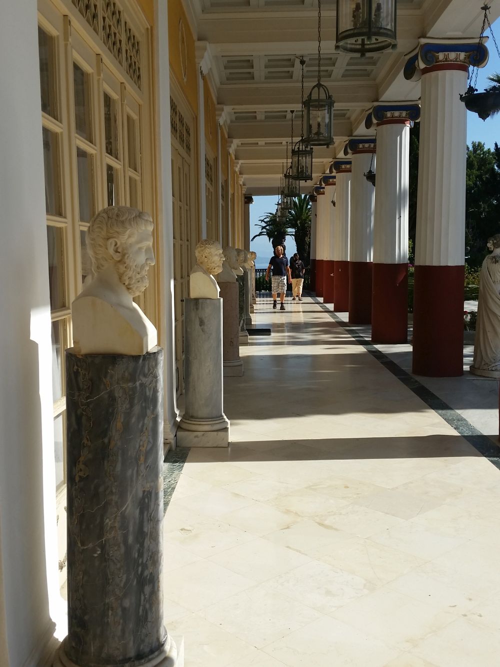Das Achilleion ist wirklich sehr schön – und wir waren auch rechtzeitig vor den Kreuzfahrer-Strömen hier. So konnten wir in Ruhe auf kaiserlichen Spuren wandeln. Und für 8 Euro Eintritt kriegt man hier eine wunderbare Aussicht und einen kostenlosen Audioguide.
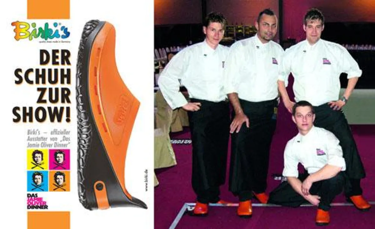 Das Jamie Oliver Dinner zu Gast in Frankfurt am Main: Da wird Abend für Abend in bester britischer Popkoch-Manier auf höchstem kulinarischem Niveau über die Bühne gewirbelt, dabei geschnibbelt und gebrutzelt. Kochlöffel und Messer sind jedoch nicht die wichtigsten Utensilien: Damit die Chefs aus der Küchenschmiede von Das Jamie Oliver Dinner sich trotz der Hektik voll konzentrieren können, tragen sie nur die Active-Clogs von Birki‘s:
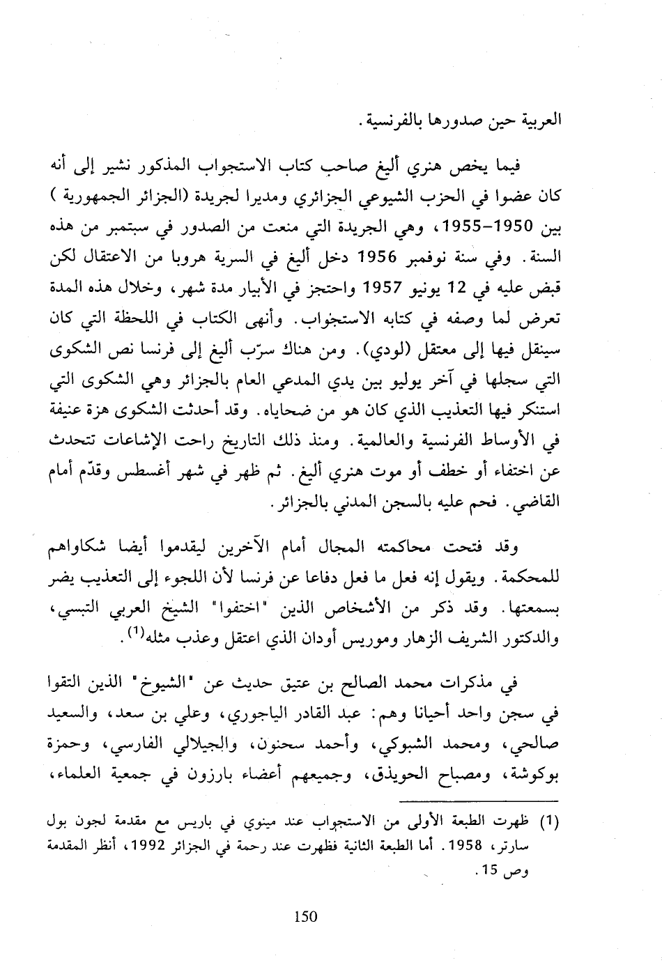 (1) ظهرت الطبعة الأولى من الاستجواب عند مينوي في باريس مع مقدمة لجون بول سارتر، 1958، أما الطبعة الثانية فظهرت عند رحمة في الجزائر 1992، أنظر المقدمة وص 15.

* * * * * * *

To do
Reproduce the listing above exactly, excluding all pictures.

Exercise answer
Das Achilleion ist wirklich sehr schön – und wir waren auch rechtzeitig vor den Kreuzfahrer-Strömen hier. So konnten wir in Ruhe auf kaiserlichen Spuren wandeln. Und für 8 Euro Eintritt kriegt man hier eine wunderbare Aussicht und einen kostenlosen Audioguide.
 Das Jamie Oliver Dinner zu Gast in Frankfurt am Main: Da wird Abend für Abend in bester britischer Popkoch-Manier auf höchstem kulinarischem Niveau über die Bühne gewirbelt, dabei geschnibbelt und gebrutzelt. Kochlöffel und Messer sind jedoch nicht die wichtigsten Utensilien: Damit die Chefs aus der Küchenschmiede von Das Jamie Oliver Dinner sich trotz der Hektik voll konzentrieren können, tragen sie nur die Active-Clogs von Birki‘s:
 (1) ظهرت الطبعة الأولى من الاستجواب عند مينوي في باريس مع مقدمة لجون بول سارتر، 1958، أما الطبعة الثانية فظهرت عند رحمة في الجزائر 1992، أنظر المقدمة وص 15.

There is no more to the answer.